WHAT IS NEEDED: Lower down are entries containing pictures. Copy exactly, without those pictures, the lines from the line with "6129旋轉樓梯必備~蝴蝶結高跟鞋 粉235" through the line with "패션 여성 티셔츠 짧은".

BEGIN RECORDS FOR THIS EXERCISE

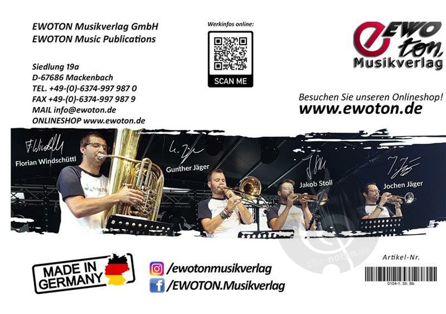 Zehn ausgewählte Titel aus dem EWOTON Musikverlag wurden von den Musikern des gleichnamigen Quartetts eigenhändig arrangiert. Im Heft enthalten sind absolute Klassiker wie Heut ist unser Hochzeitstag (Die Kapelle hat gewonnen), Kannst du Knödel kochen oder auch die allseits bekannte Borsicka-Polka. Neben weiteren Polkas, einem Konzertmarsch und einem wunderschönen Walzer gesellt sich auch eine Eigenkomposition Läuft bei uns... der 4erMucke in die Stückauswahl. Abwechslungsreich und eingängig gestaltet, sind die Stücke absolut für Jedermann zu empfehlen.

END RECORDS FOR THIS EXERCISE
BEGIN RECORDS FOR THIS EXERCISE

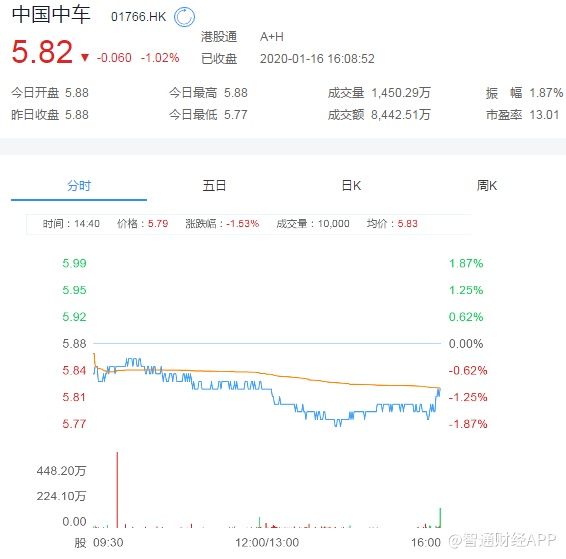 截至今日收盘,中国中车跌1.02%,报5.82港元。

END RECORDS FOR THIS EXERCISE
BEGIN RECORDS FOR THIS EXERCISE

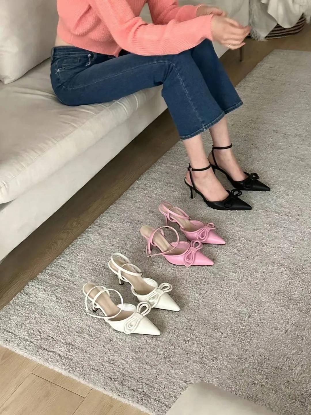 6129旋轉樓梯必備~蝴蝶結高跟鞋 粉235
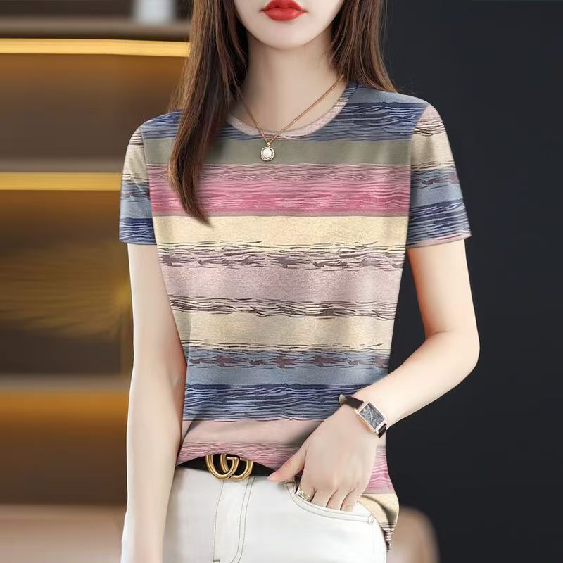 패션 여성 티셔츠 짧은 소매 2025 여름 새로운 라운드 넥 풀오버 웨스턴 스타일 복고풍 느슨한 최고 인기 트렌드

END RECORDS FOR THIS EXERCISE

TASK RESPONSE:
 6129旋轉樓梯必備~蝴蝶結高跟鞋 粉235
 패션 여성 티셔츠 짧은 소매 2025 여름 새로운 라운드 넥 풀오버 웨스턴 스타일 복고풍 느슨한 최고 인기 트렌드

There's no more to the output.